# INSTRUCTIONS TO FOLLOW
In your reply, print every line of the listing exactly and omit all images.

# DATA EXTRACT
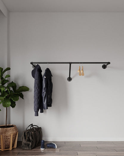 Sturdy malleable iron construction makes our Industrial Pipe Wall Mounted Clothing Racks durable and easy to assemble. Choose from sleek, modern, rustic, or vintage looks. Ideal for home, boutiques, retail stores, laundry rooms, etc.This rack holds many clothes and keeps them organized and tidy. Easy to mount on the wall and simple to assemble with detachable parts. Screw tight and mount in minutes.
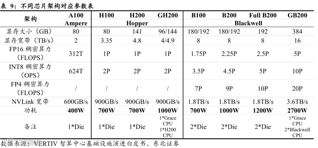 AI数据中心呈现高密度化趋势,催生对高效散热的需求。目前H100/H200/H800等芯片TDP设计功耗已达700W,2024年3月GTC大会最新发布的B200达1000W,GB200已达到2700W功耗。伴随着智算中心芯片功耗的提升,其自身的散热功耗也在不断攀升,智算中心中单机柜的热密度大幅度的快速提升,因此,智算中心将面临单机柜功耗高密化的挑战。通常数据中心由8卡GPU或NPU模组构成,基于芯片的功耗数值,可以确定每台数据中心的功耗在5kW~10kW。进一步由服务器组成整体机柜时,机柜的功率密度将达到40kW以上。以英伟达(NVIDIA)为例,DGX架构8卡GPUH100服务器额定功耗为10.2kW,安装4台服务器的风冷机柜功耗为42kW。新一代的GB200架构中,NVL36机柜功率密度为72kW,NVL72液冷机柜功率密度则为120kW。因此,单机柜功耗从传统数据中心的4-6KW逐渐增加至20-40KW,未来有望逐步发展至40-120KW甚至更高,AI数据中心呈现高密度化趋势。
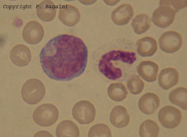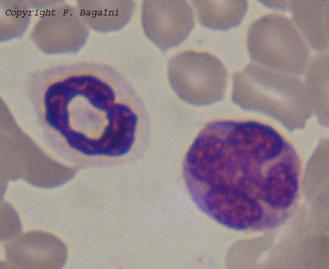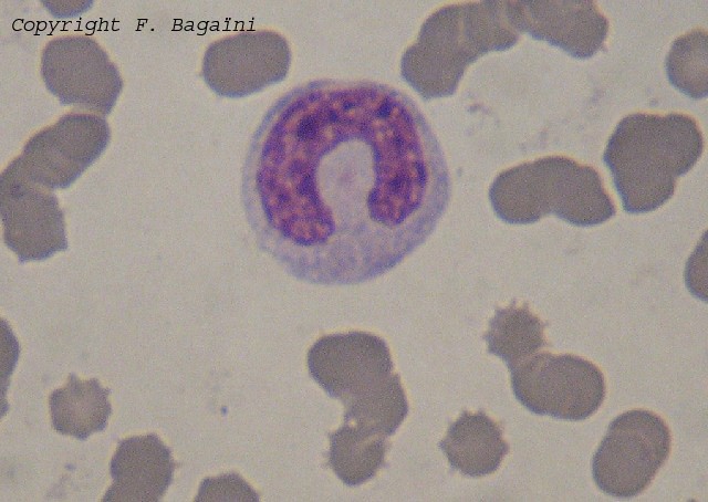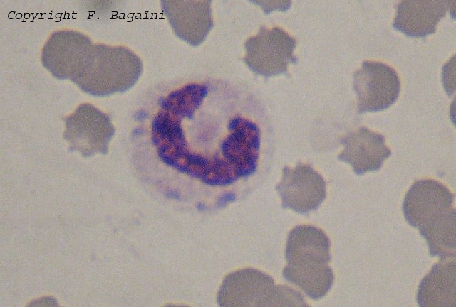 inclusions claires, occupant la moitié du volume des neutrophiles.

# THE ANSWER
 Sturdy malleable iron construction makes our Industrial Pipe Wall Mounted Clothing Racks durable and easy to assemble. Choose from sleek, modern, rustic, or vintage looks. Ideal for home, boutiques, retail stores, laundry rooms, etc.This rack holds many clothes and keeps them organized and tidy. Easy to mount on the wall and simple to assemble with detachable parts. Screw tight and mount in minutes.
 AI数据中心呈现高密度化趋势,催生对高效散热的需求。目前H100/H200/H800等芯片TDP设计功耗已达700W,2024年3月GTC大会最新发布的B200达1000W,GB200已达到2700W功耗。伴随着智算中心芯片功耗的提升,其自身的散热功耗也在不断攀升,智算中心中单机柜的热密度大幅度的快速提升,因此,智算中心将面临单机柜功耗高密化的挑战。通常数据中心由8卡GPU或NPU模组构成,基于芯片的功耗数值,可以确定每台数据中心的功耗在5kW~10kW。进一步由服务器组成整体机柜时,机柜的功率密度将达到40kW以上。以英伟达(NVIDIA)为例,DGX架构8卡GPUH100服务器额定功耗为10.2kW,安装4台服务器的风冷机柜功耗为42kW。新一代的GB200架构中,NVL36机柜功率密度为72kW,NVL72液冷机柜功率密度则为120kW。因此,单机柜功耗从传统数据中心的4-6KW逐渐增加至20-40KW,未来有望逐步发展至40-120KW甚至更高,AI数据中心呈现高密度化趋势。
 inclusions claires, occupant la moitié du volume des neutrophiles.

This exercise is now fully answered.